Nothing to see here. Just keep flying them in, our FREE tax-payer funded Healthcare system will take care of them…at least the ones who are willing to submit to the rigorous treatments required to cure the dangerous disease…

TB is an airborne infectious disease caused by bacteria that spreads through the air, person to person, when someone coughs or sneezes. One in three people worldwide have latent TB, according to the World Health Organization. In the United States, up to 13 million people have been exposed to TB and could develop the disease.

Every year, tuberculosis claims 1.5 million lives worldwide and 500 to 600 in this country.

“Tuberculosis (TB) has surpassed HIV as the leading cause of death from infectious disease worldwide,” the Minnesota Department of Health reports.

One of every five refugees resettled in Minnesota by the federal government tested positive for latent tuberculosis in 2014, according to the state’s Department of Health.
Only 4 percent of the general population in the United States tested positive for latent tuberculosis in the most recent report provided by the Centers for Disease Control.

The April 2016 edition of the Refugee Health Quarterly, published by the Minnesota Department of Health reports that:

Minnesota had 150 cases of TB in 2015, compared to 147 cases in 2014 (a 2 percent increase).

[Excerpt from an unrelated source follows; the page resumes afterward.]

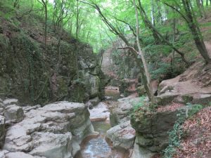 Preuzeto sa web stranice: Nedaleko Vesprema u Bakony-u. Vodopad poznat kao Római fürdő u blizini Bakonynáne smatra se jednim od najljepših mjesta u istočnom Bakonyju. To je očaravajuća dolina koja je, iako kratka, ipak impresivna i može se iskoristiti za dobar poludnevni izlet. Do Római fürdőa može se doći pješice označenom turističkom stazom. Možda je bolje pristupiti klancu iz Bakonynáne, jer je i gornji dio doline spektakularan. Počevši odavde, staza počinje odmah na početku sela, gdje autocesta prelazi potok. Prolazimo pored obnovljene zgrade Prémovog mlina, a zatim hodamo uz potok niz dolinu. Korito rijeke postaje sve dublje i dublje, a ubrzo drveće prekriva potok koji žubori u podnožju doline. Vrijedi napraviti kratki zaobilaz, jer tamo dolje na strani doline stijene nestaju, a voda potoka Gaja teče u divlje romantičnoj kamenoj klisuri.Ispod se dolina okružena šumama širi i nailazimo na turističko odmorište. Možemo uživati ​​u obroku na udobnim klupama. Logorišta su popularna planinarska odredišta za stanovnike Zirca i Veszpréma: planinare koji tamo odu često iznenadi miris pržene slanine ili gulaša od graha koji se širi ispod bukvi.

The most common risk factor for TB cases in Minnesota is being from a country where TB is common.

TB screening is offered to all refugees during the domestic refugee health exam.

In 2014, 22 percent of refugees screened tested positive for LTBI (latent tuberculosis infection).

26 percent of all foreign born cases of tuberculosis in Minnesota were from people born in Somalia. Somalians almost exclusively enter the state through the refugee resettlement program.

More than 70,000 refugees have been resettled in the United States annually for the past three decades by the federal government. It’s not just tuberculosis being brought in by these resettled refugees. Measles, whooping cough, diptheria, and other diseases that were on their way to eradication are also coming in across the borders of the United States.

A recent outbreak of measles in Memphis, Tennessee, a center for refugee resettlement, began at a local mosque, as Breitbart News reported previously.

The alarming public health report from Minnesota comes on the heels of news from the Centers for Disease Control that in 2015, the incidence of tuberculosis in the United States increased.

“Data from 2015 show that the number of TB cases has increased (by 1.7 percent) nationally [in the United States] for the first time in 23 years, with a total of 9,563 TB cases reported,” the Minnesota Department of Health reports.

As the Star Tribune, Minnesota’s largest daily newspaper, reports:

The CDC is still trying to determine the reason for the uptick.

The goal set by the CDC, in 1989, of eliminating TB by 2010 — defined as less than one case in a million people — remains elusive. Even if the trend of declining cases had continued, the United States would not have eliminated TB by the end of this century, the CDC said.

Ishaq has been taking medication for his TB for 5 months now.
Ishaq Mohamed lives in Somalia and  has been taking medication for his TB for 5 months now.

“We are not yet certain why TB incidence has leveled off, but we do know it indicates the need for a new, expanded approach to TB elimination,” said Dr. Philip LoBue, director of the CDC’s Division of Tuberculosis Elimination, in an email.

A dual approach is needed: continue to find and treat cases of disease and evaluate their contacts, as well as identify and evaluate other high-risk persons for latent TB infection, he said.

There may be a positive correlation between the increase in the number of refugees resettled in the United States during this period and the sudden increase in the incidence of tuberculosis, a disease that many thought was on the path to eradication in the United States.

As the Centers for Disease Control report:

In 2014, a total of 66% of reported TB cases in the United States occurred among foreign-born persons. The case rate among foreign-born persons (15.4 cases per 100,000 persons) in 2014 was approximately 13 times higher than among U.S.-born persons (1.2 cases per 100,000 persons).

“Today four states – California, New York, Texas and Florida – have more than half the nation’s active TB cases, though they have only a third of the country’s population. The four states have the highest numbers of foreign-born residents,” according to the Star Tribune.

A person with latent tuberculosis is not infectious and does not have symptoms of the disease. A person with active tuberculosis is infectious and has symptoms of the disease.

Ten percent of those with latent tuberculosis develop active tuberculosis if not treated, according to the World Health Organization.

As the Star Tribune reports:

 

Tuberculosis is airborne and can be spread when a person active tuberculosis coughs, sneezes, or otherwise transmits the infection to a previously uninfected individual.

Treatment for tuberculosis is long and expensive. If caught early, it typically takes about nine months for a person with active tuberculosis to improve to latent tuberculosis. Not everyone diagnosed with active tuberculosis, however, improves. Mortality rates for those with active tuberculosis are much higher than health professionals would like, even in the United States.